The work described in Chapter 2, Analytical Reliability, Availability, and Serviceability Benchmarks, can be seen as we are beginning to publish these benchmark results in various product white papers:
Performance benchmarks have proven useful in driving innovation in the computer industry, and I think dependability benchmarks can do likewise. If you feel that these benchmarks are valuable, then please drop me a
note, or better yet, ask your computer vendors for some benchmark
results.
I'd like to thank all of the contributors to the book, the IEEE, and Wiley. Karama Kanoun and Lisa Spainhower worked tirelessly to get all of the works compiled (herding the cats) and interfaced with the publisher, great job! Ira Pramanick, Jim Mauro, William Bryson, and Dong Tang collaborated with me on Chapters 2 & 3, thanks team!
Tuesday Oct 16, 2007
Modern systems are continuing to evolve and become more tolerant
to failures.
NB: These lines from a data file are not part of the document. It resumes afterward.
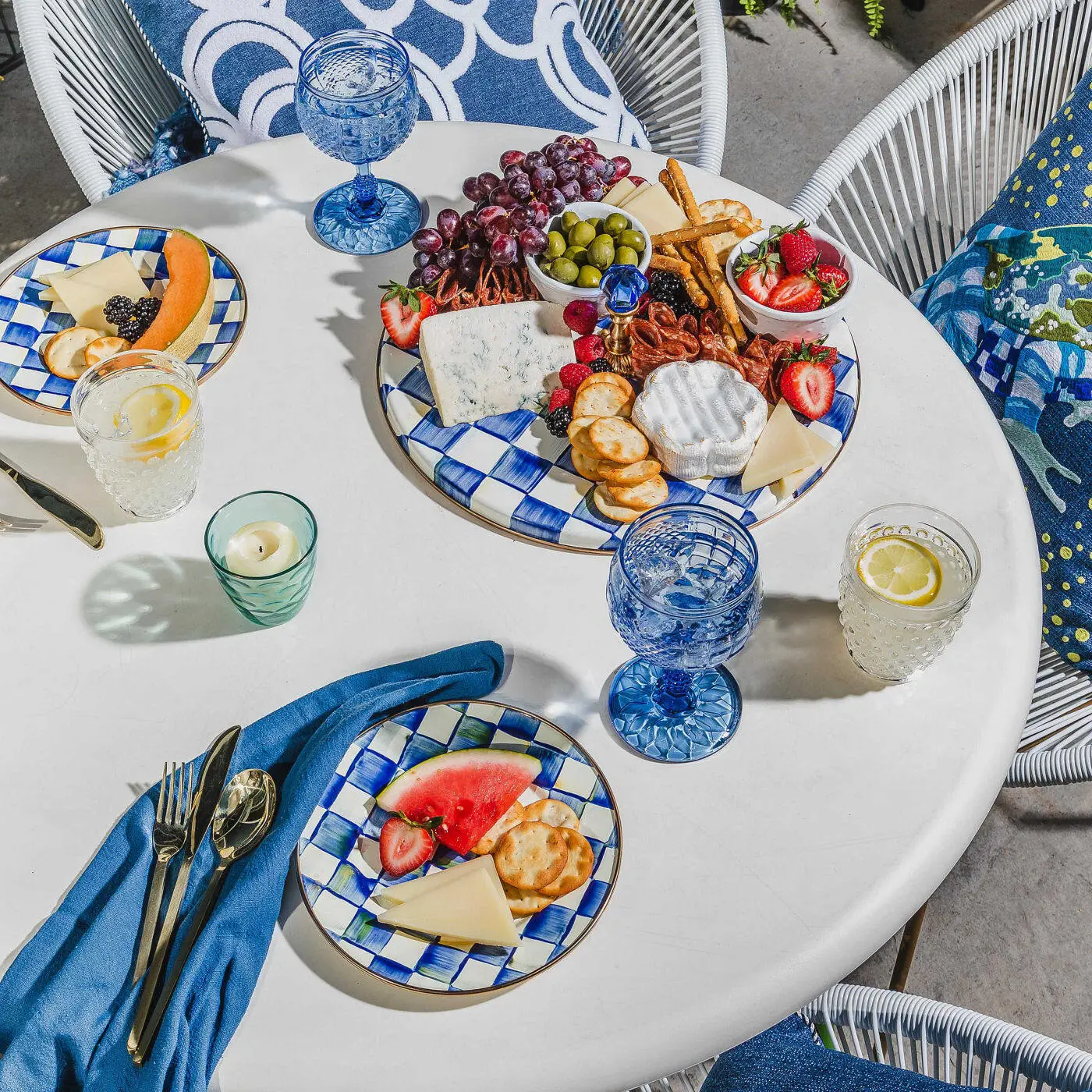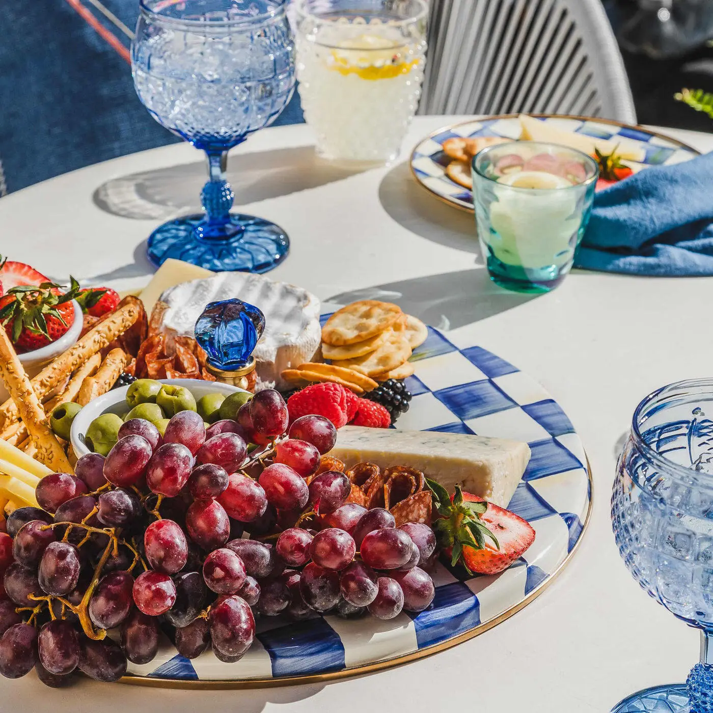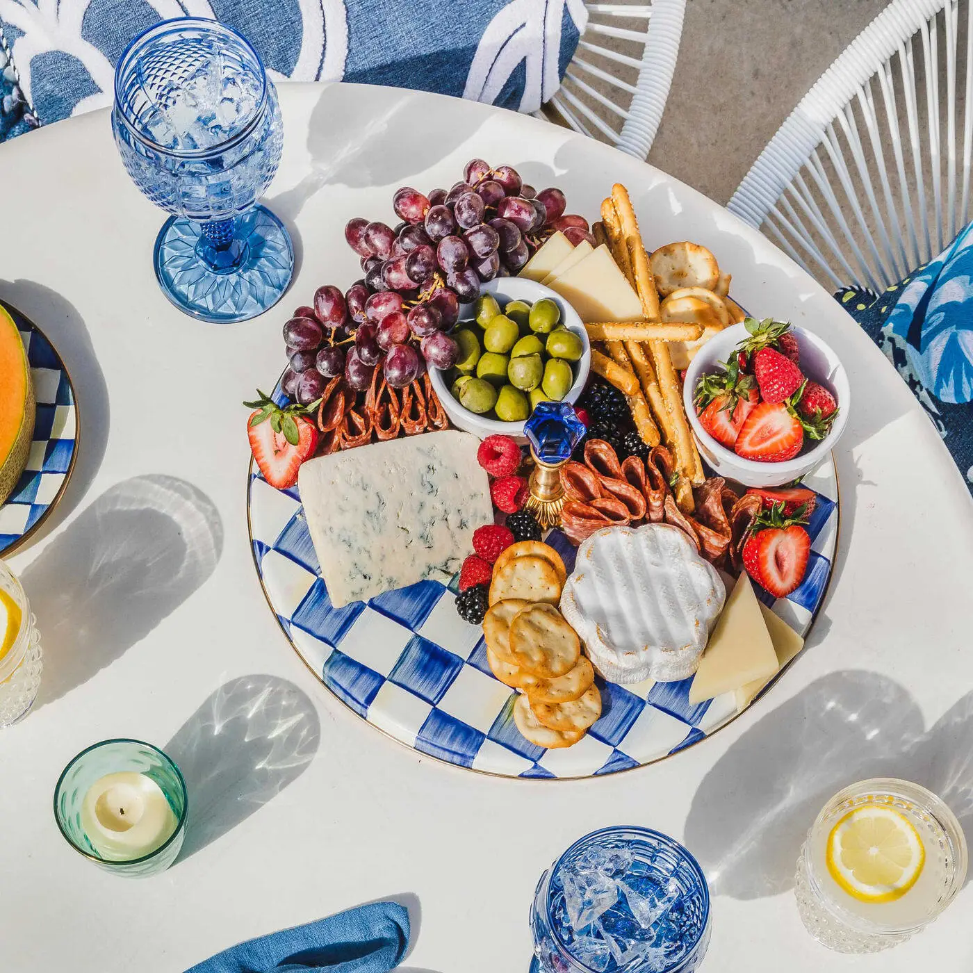 Whether you��re creating a charcuterie or presenting pastries, the Royal Check Enamel Cheese Course serves with style. It features our hand-painted blue checks on a heavy-gauge, hand-glazed steel underbody, topped with a blue glass knob for easy handling.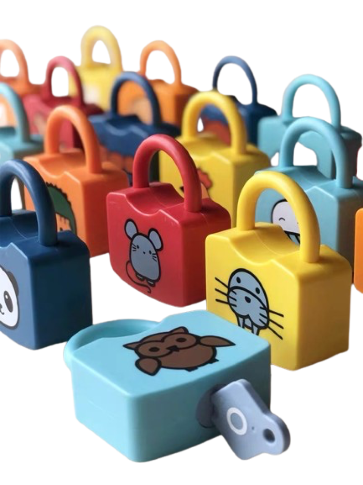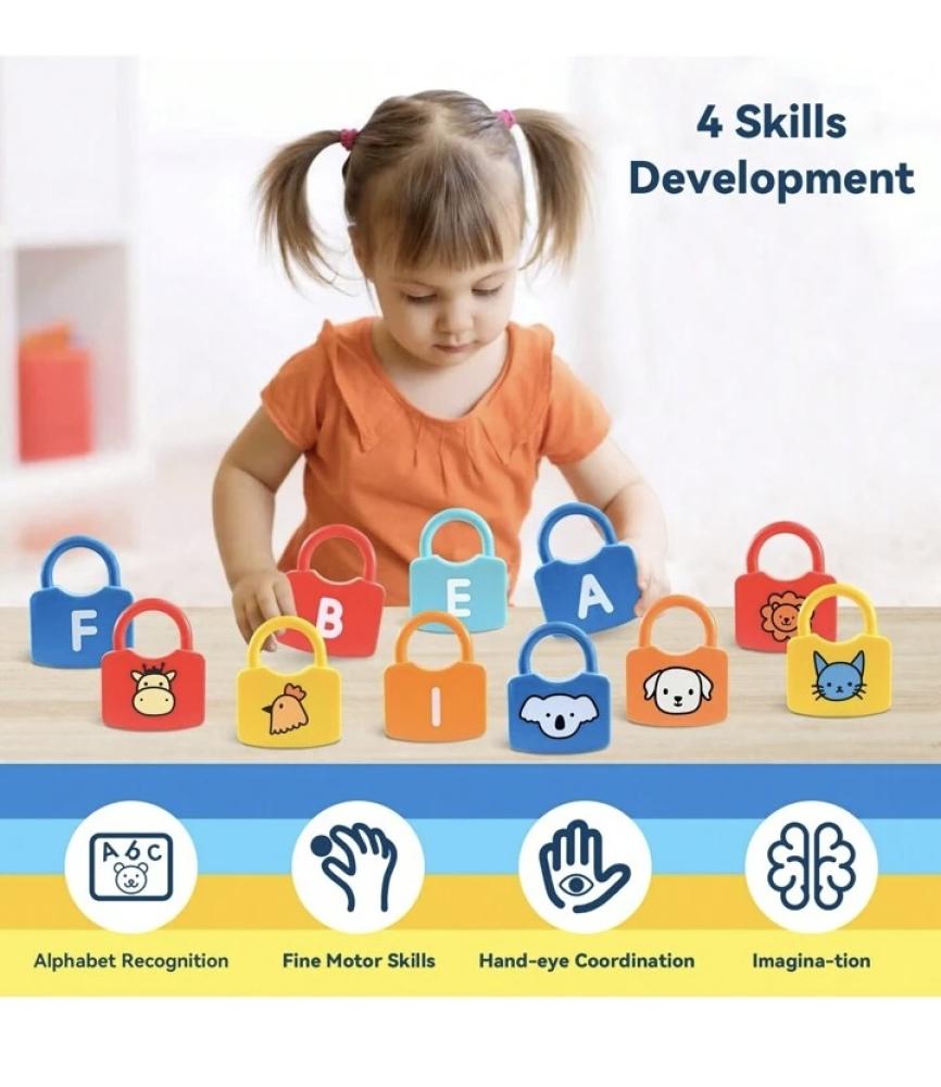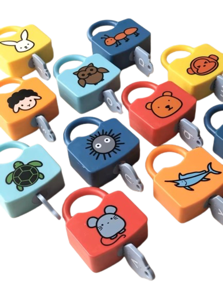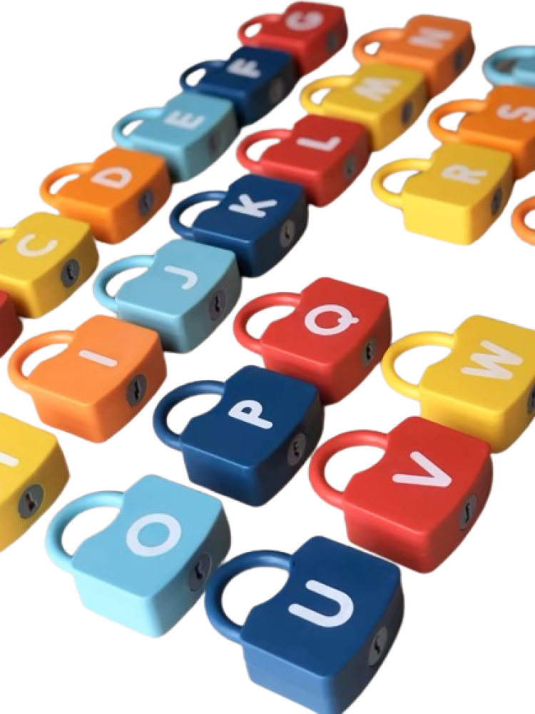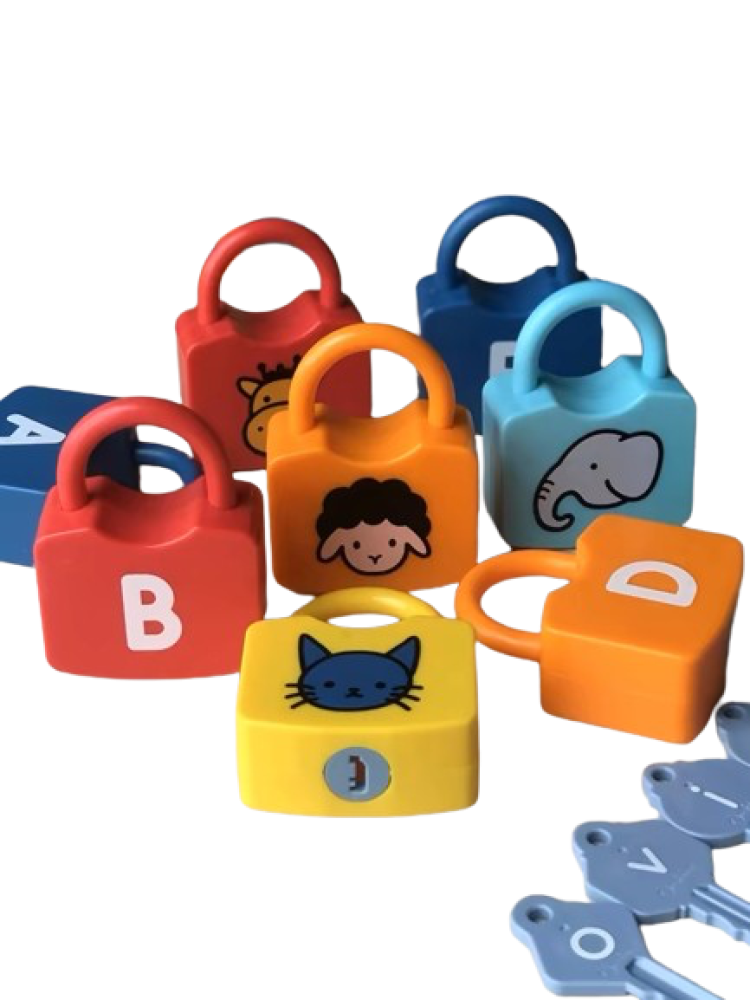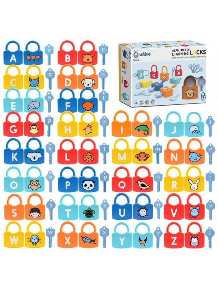 مجموعة من الحروف الأنجليزية تحتوي على 26 حرفًا كبيرًا وصغيرًا، والأقفال والمفاتيح تتوافق مع واحد إلى واحد، وعلى الجانب الخلفي، يوجد 26 حيوانًا متطابقًا بنفس الأحرف الأولى في أسمائهم الإنجليزية.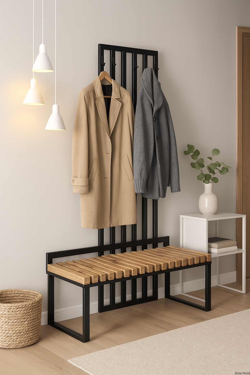 ŁAWKA METALOWA / Stelaż Stal Czarna Malowana Proszkowo / Siedzisko Drewno Lite Dąb / model LM-83 produkowana w rozmiarach od 50 cm do 200 cm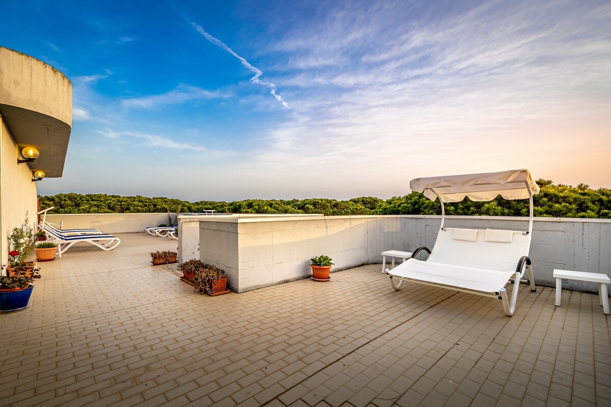 Enjoy a relaxing stay in our cozy first-floor apartment, located above our bar, restaurant and pizzeria, surrounded by the greenery of a large garden with centuries-old pine trees. Just 200 meters from the sea, the location is perfect for those who want a relaxing holiday, good food and nature. Experience the comfort of an independent apartment with the advantage of having catering and tailor-made services just a few steps away from you!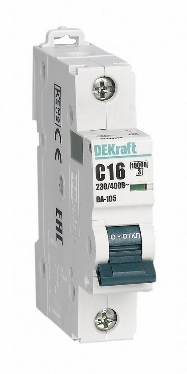 Автоматический выключатель серии ВА-105 DEKraft; 1P; ном. ток 16 А; характеристика D; откл. способность 10 кА; ширина модуля 18мм. Аппараты имеют механизм мгновенной коммутации, 6 монолитных заклепок, которые повышают прочность корпуса. Боковые каналы охлаждения повышают стабильность работы при высоких температурах окружающей среды. Есть возможность установки дополнительных аксессуаров с левой стороны устройства. Аппарат на 100% совместим с корпусами и оболочками DEKraft и Systeme Electric.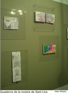 Però el motiu real de la visita a la ciutat era visitar el Cercle Artístic de Sant Lluc, on d’alguna manera hi ha la primera col·lectiva que faig a Barcelona. Es tracta d’una petita mostra amb els quaderns de dibuix del curs “Dibuixant la ciutat”, que vaig fer el curs passat. Hi ha tot l’àlbum amb el centenar d’esbossos. En Víctor Martínez, Swasky, ha estat qui ha muntat l’exposició. També hi ha el seu quadern, dos del Miguel Herranz, el del Isaac Dueñas, en Josep Maria Portet… crec que hi ha el de la Trini i el d’algun altre alumne. Estan exposats a la paret, aixecats i aguantats per sota per cargols i protegits per vidres. Al costat del panell expositiu també hi ha una televisió amb una sèrie de vídeos que ha fet el Víctor ensenyant cada un dels quaderns. Per veure el vídeo aneu a: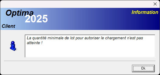 Si la quantité minimale de lot définie dans les options du poste de charge n'est pas atteinte: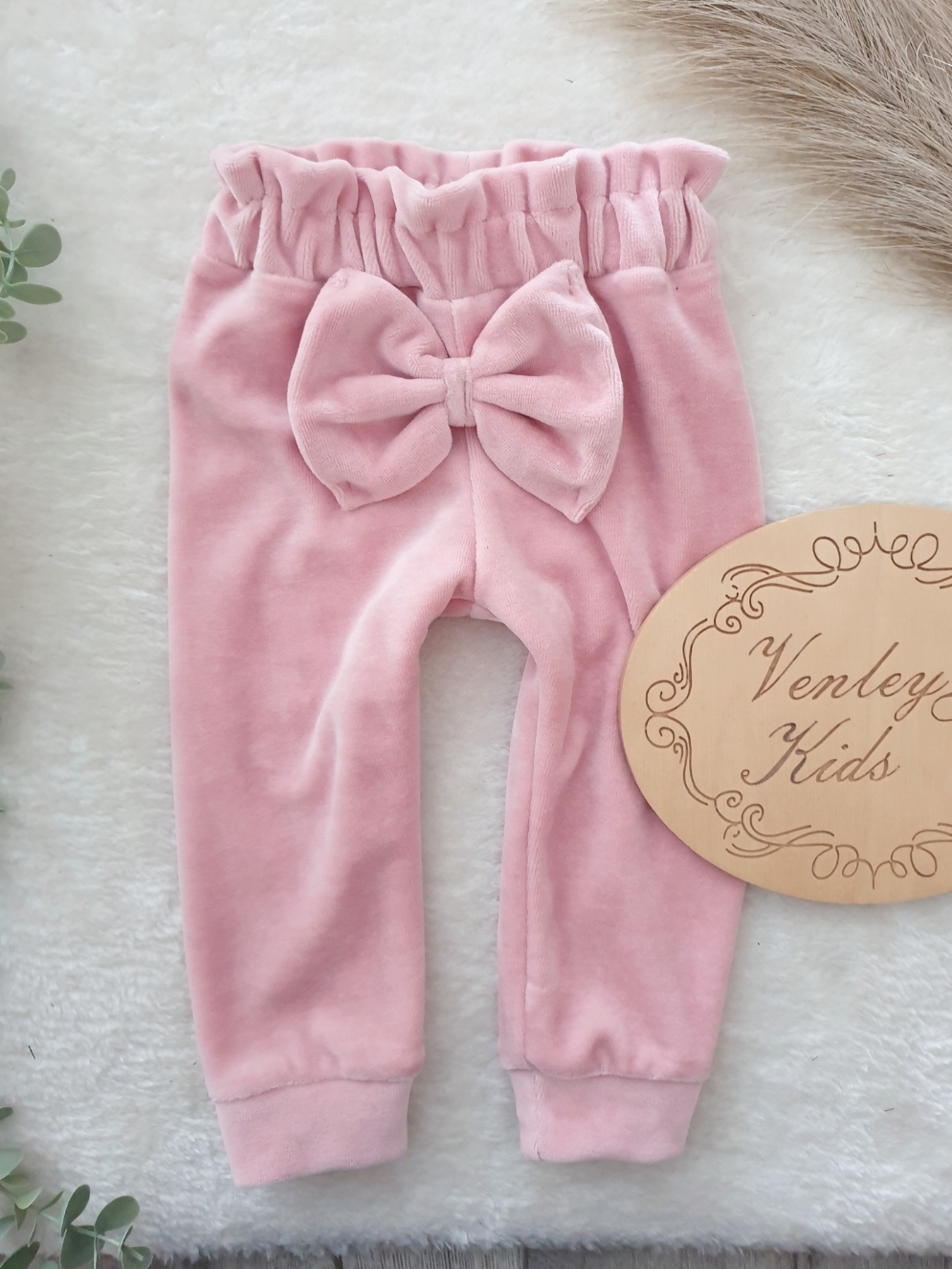 Spodnie wysoki stan z KOKARDĄ welur kwarc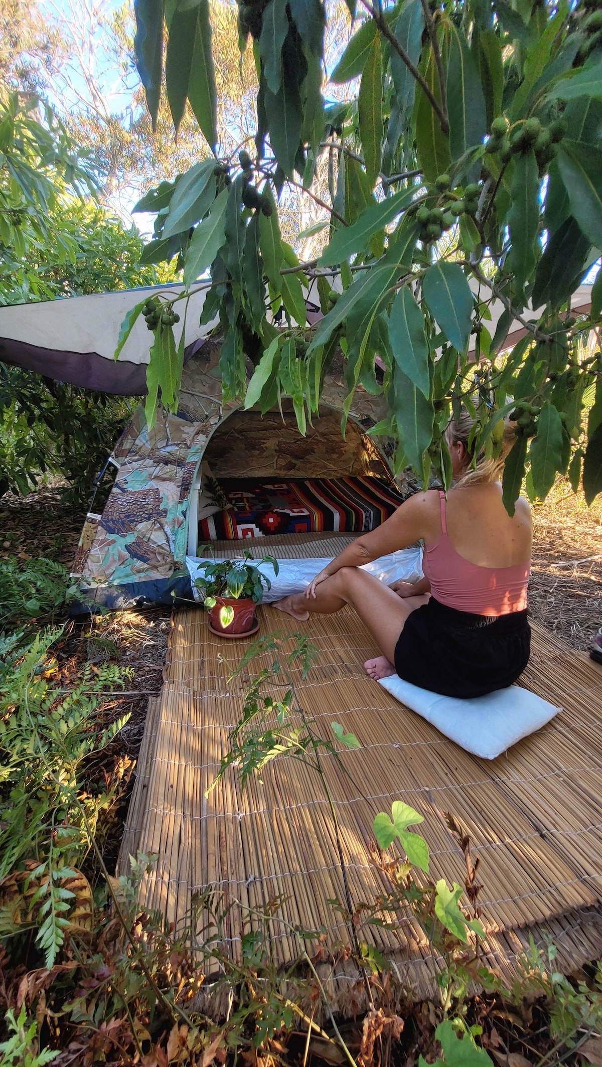 Very green, sounds of birds, light bugs, visiting horses, curious wild chickens... The space is very large, a lot of garden and open spaces. Native trees, a stream of water, ferns... many spaces to rest, grass in the sunlight, a campfire under the stars... The space is shared with the host and the two local mascots, Mambo and Lima.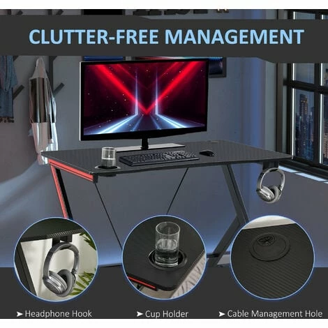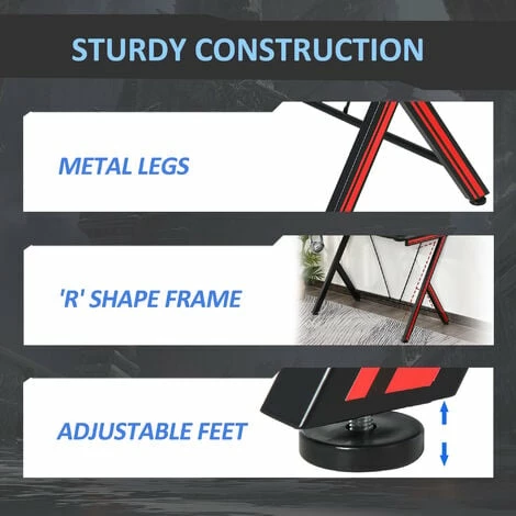 Attention to detail wins games – that’s why this gaming desk from HOMCOM is built to succeed. It’s made with a large table top, which gives you plenty of gaming and working room, spacious enough for holding monitors and other electric accessories. It also has a built-in headphone hook and cup holder for easy-reach convenience. Smooth edges ensure the structure is safe, and it’s finished with adjustable feet so it keeps balanced at all times. A modern and stylish design which will bring joy to your working and gaming space.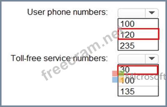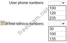 What is the maximum number of user phone numbers and toll-free service numbers you can acquire? To answer, select the appropriate options in the answer area.

For many systems today, a simple performance or
availability analysis does not reveal how well a system will operate
when in a degraded mode. A performability analysis can help answer
these questions for complex systems. In this blog, I'll show one of
the methods we use for performability analysis.
We often begin with a small set of components for test and
analysis. Traditional benchmarking or performance characterization is
a good starting point. For this example, we will analyze a storage
array. We begin with an understanding of the performance
characteristics of our desired workload, which can vary widely for
storage subsystems. In our case, we will create a performance
workload which includes a mix of reads and writes, with a consistent
iop size, and a desired performance metric of iops/second. Storage
arrays tend to have many possible RAID configurations which will have
different performance and data protection trade-offs, so we will pick
a RAID configuration which we think will best suit our requirements.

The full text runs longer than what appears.